GOAL OF THE EXERCISE
Give back the records below exactly, omitting the pictures.

Records from a collection
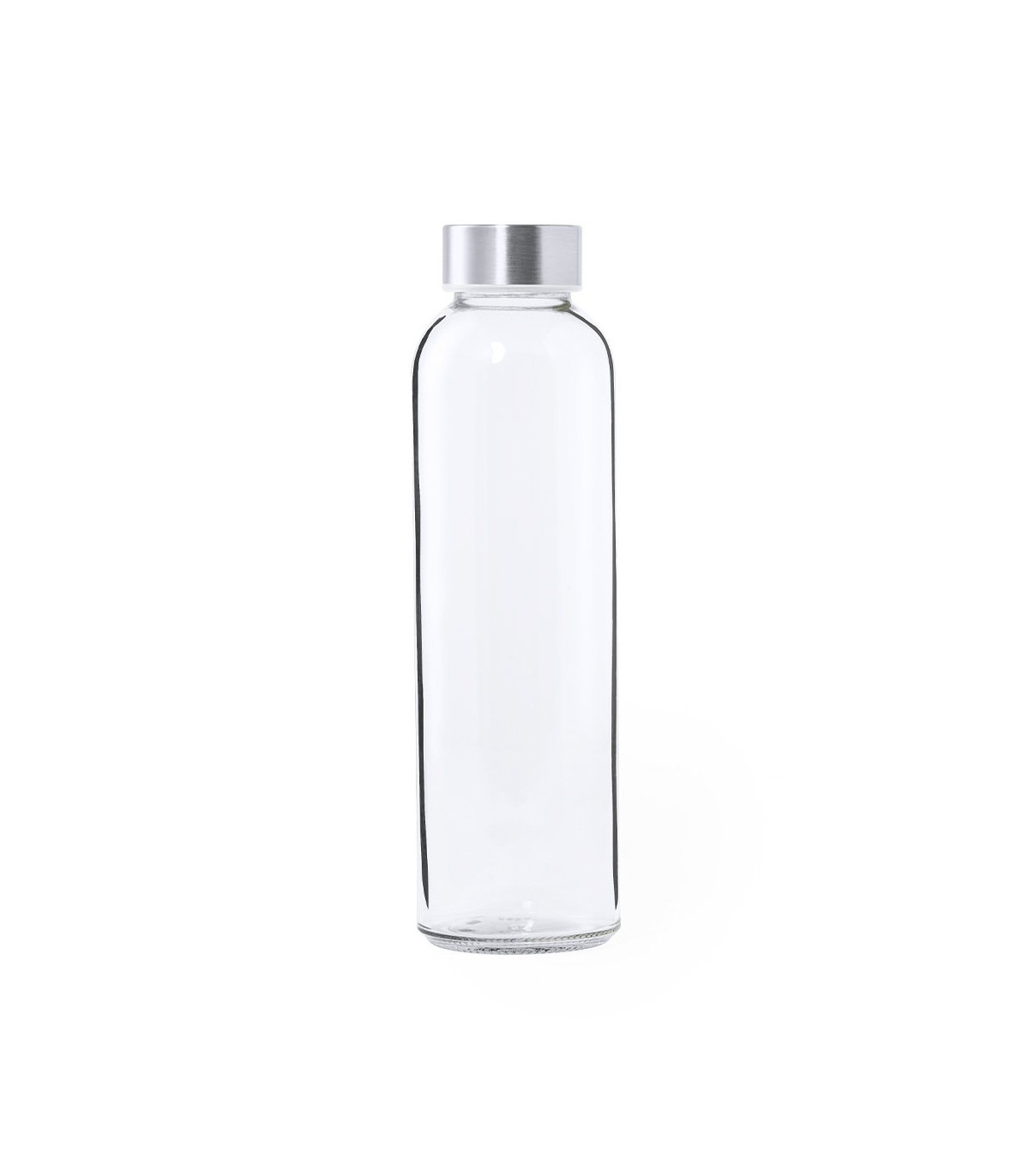Bidones personalizados en color transparente de cristal y 500 ml de capacidad, con tapón a rosca en acero inox, libre de BPA.
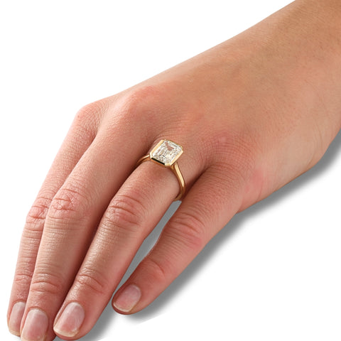 3Ct Emerald Cut Bezel Solitaire Diamond Engagement Ring 14k Gold or Pt Lab Grown
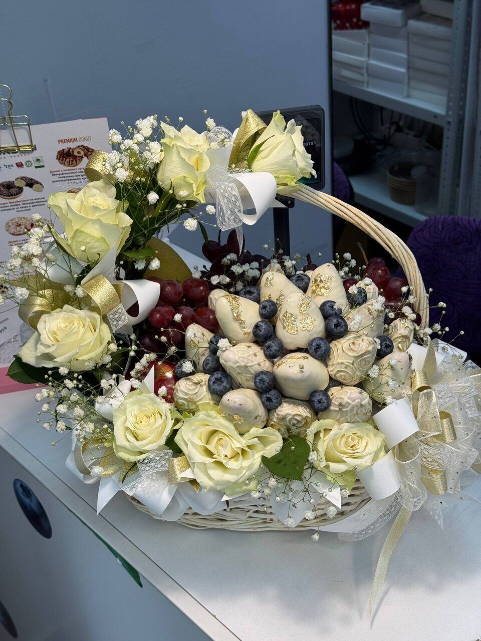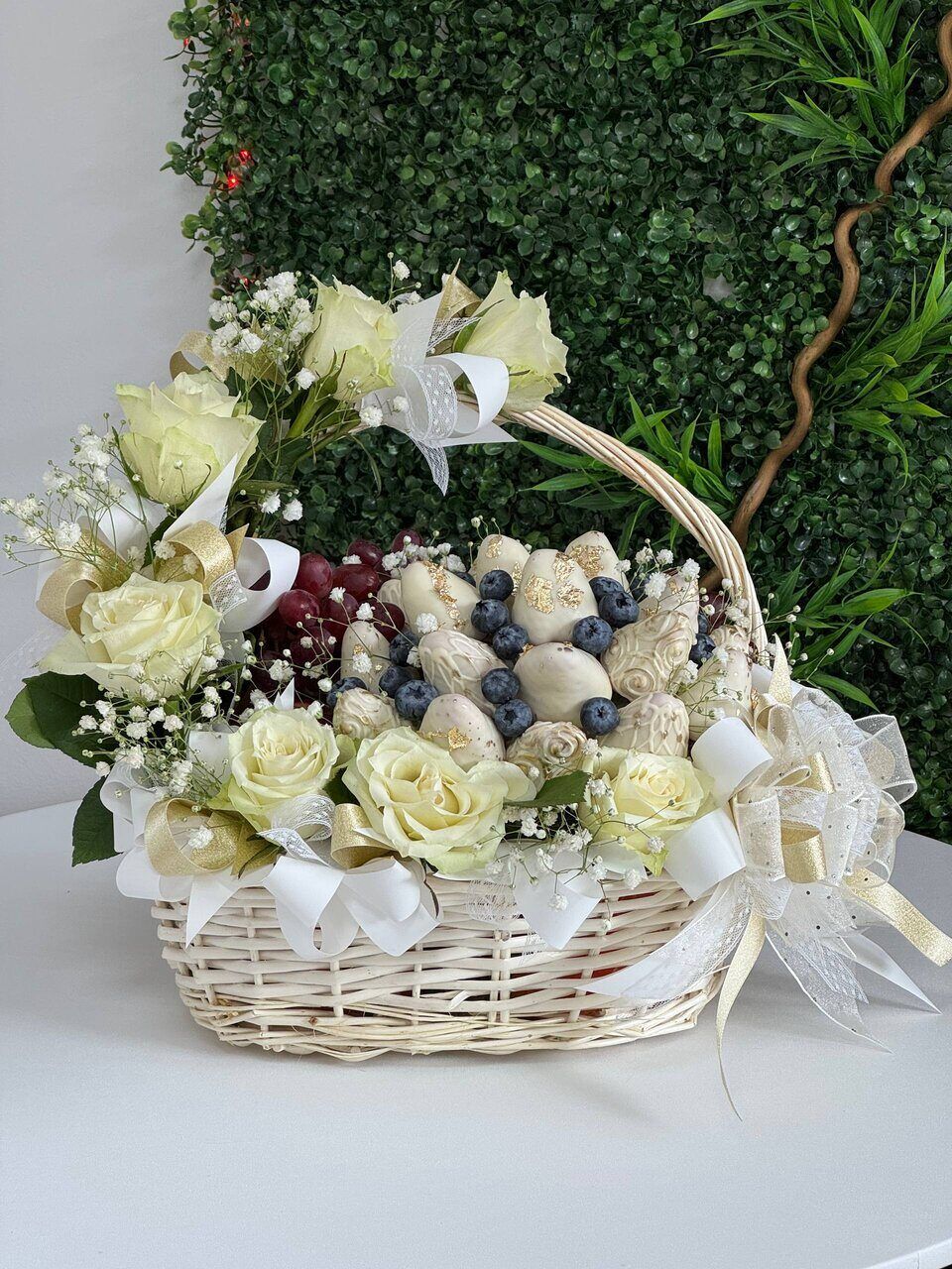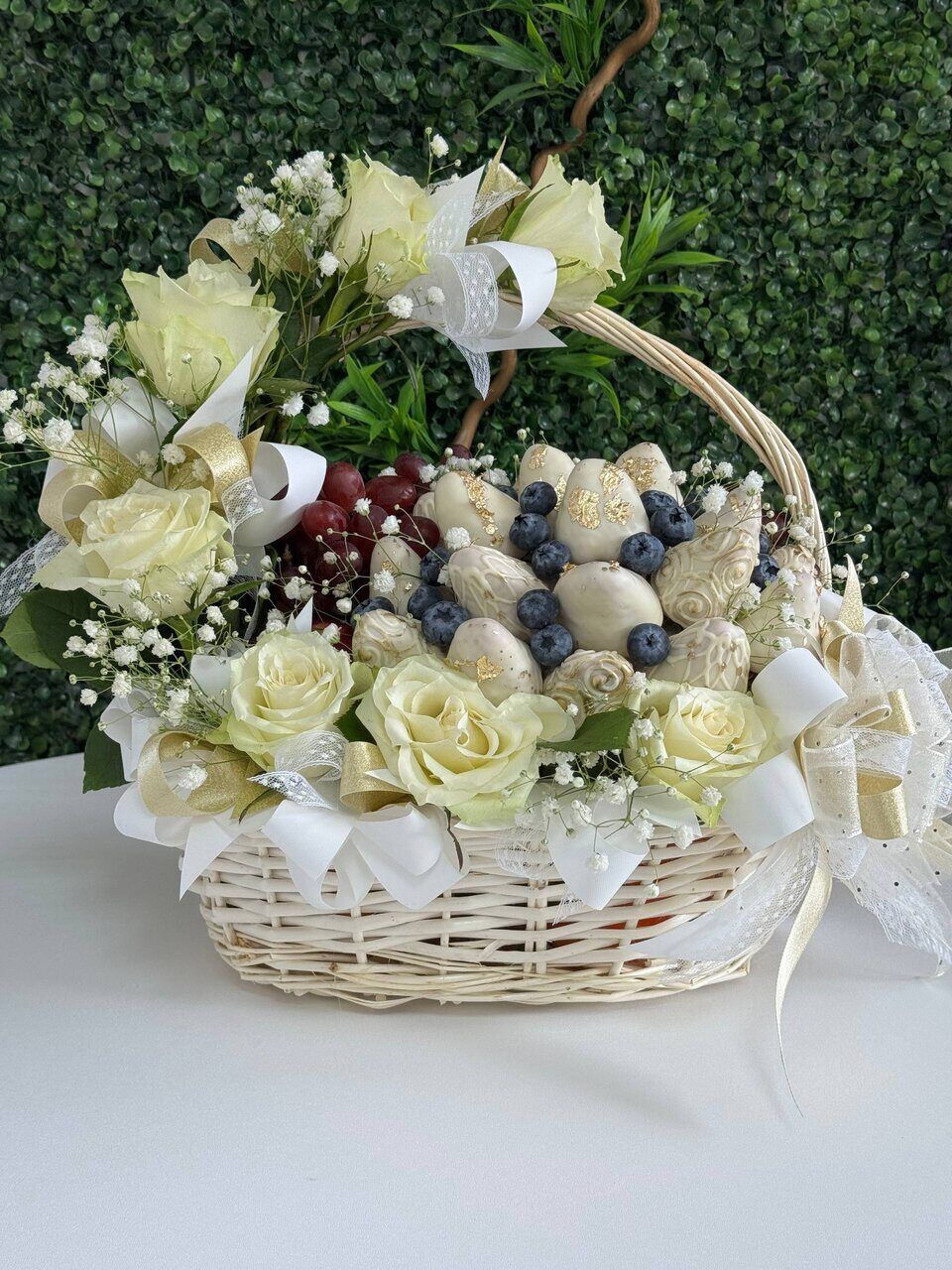 Нежная фруктово-цветочная корзина «Белое кружево»
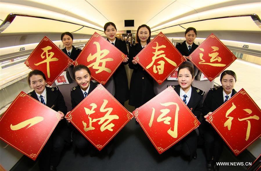 Staff members of Jinan West Railway Station pose for photos at a bullet train on Jan. 31, 2018. About 2.98 billion trips are expected to be made during the 2018 Spring Festival travel rush, known as the Chunyun, between February 1 and March 12, Lian Weiliang, deputy head of the National Development and Reform Commission (NDRC) told a press conference. (Xinhua/Tang Ke)
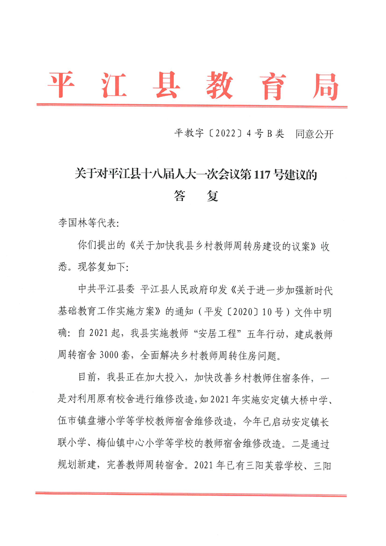 关于对平江县十八届人大一次会议第117号建议的答复
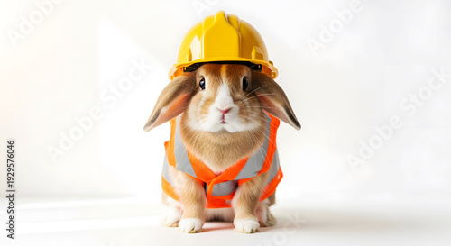 Labor day tribute adorable bunny in hard hat and safety vest
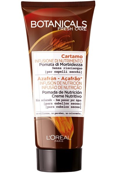 Infusione di nutrimento, con olio di cartamo, per ammorbidire e nutrire i capelli secchi.Associazione inedita di oli di cartamo, ricco in acidi grassi essenziali, di oli di soia e cocco in una formula trattamento che rimpolpa le fibre secche e nutre profondamente. Pomata di morbidezza, la cui formula è stata completata da un olio di semi di lino puro, un ingrediente naturale rinnovabile, riconosciuto per la sua abilità di polimerizzare a contatto con l'aria, creando in questo modo una copertura idro-repellente. Nutre, ammorbidisce e disciplina la capigliatura.
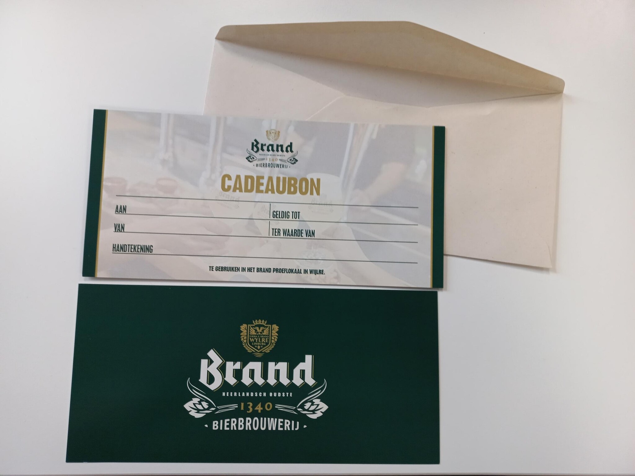 Met deze Cadeaubon, kan men genieten van heerlijke Brand biertjes en hapjes in het Proeflokaal, of iets leuks uitzoeken in de winkel in Wijlre.
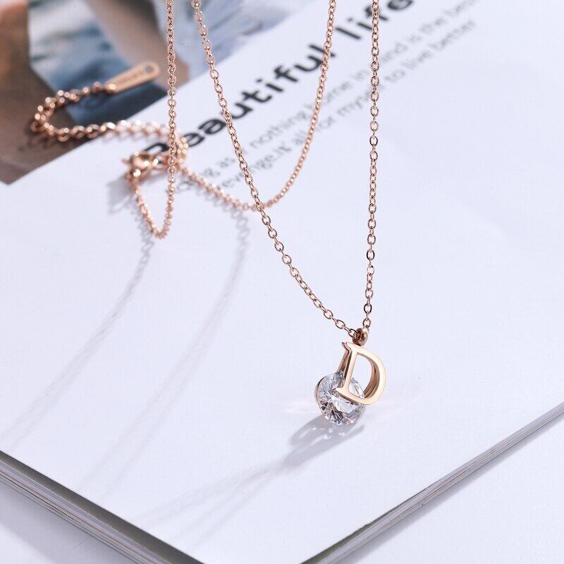 送料無料 レタークリップシャイニーラージクリスタルネックレスペンダントレディースステンレススチールローズゴールドラブコリアーウーマンカラー レース アクセサリー AE00887742710439343
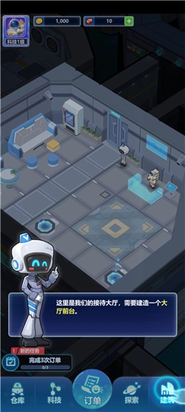 进入游戏后,根据提示先搭建大厅前台,随后依次修建存储仓库、制造工厂之类的基础设施。

SOLVED PROBLEM
Bidones personalizados en color transparente de cristal y 500 ml de capacidad, con tapón a rosca en acero inox, libre de BPA.
 3Ct Emerald Cut Bezel Solitaire Diamond Engagement Ring 14k Gold or Pt Lab Grown
 Нежная фруктово-цветочная корзина «Белое кружево»
 Staff members of Jinan West Railway Station pose for photos at a bullet train on Jan. 31, 2018. About 2.98 billion trips are expected to be made during the 2018 Spring Festival travel rush, known as the Chunyun, between February 1 and March 12, Lian Weiliang, deputy head of the National Development and Reform Commission (NDRC) told a press conference. (Xinhua/Tang Ke)
 关于对平江县十八届人大一次会议第117号建议的答复
 Labor day tribute adorable bunny in hard hat and safety vest
 Infusione di nutrimento, con olio di cartamo, per ammorbidire e nutrire i capelli secchi.Associazione inedita di oli di cartamo, ricco in acidi grassi essenziali, di oli di soia e cocco in una formula trattamento che rimpolpa le fibre secche e nutre profondamente. Pomata di morbidezza, la cui formula è stata completata da un olio di semi di lino puro, un ingrediente naturale rinnovabile, riconosciuto per la sua abilità di polimerizzare a contatto con l'aria, creando in questo modo una copertura idro-repellente. Nutre, ammorbidisce e disciplina la capigliatura.
 Met deze Cadeaubon, kan men genieten van heerlijke Brand biertjes en hapjes in het Proeflokaal, of iets leuks uitzoeken in de winkel in Wijlre.
 送料無料 レタークリップシャイニーラージクリスタルネックレスペンダントレディースステンレススチールローズゴールドラブコリアーウーマンカラー レース アクセサリー AE00887742710439343
 进入游戏后,根据提示先搭建大厅前台,随后依次修建存储仓库、制造工厂之类的基础设施。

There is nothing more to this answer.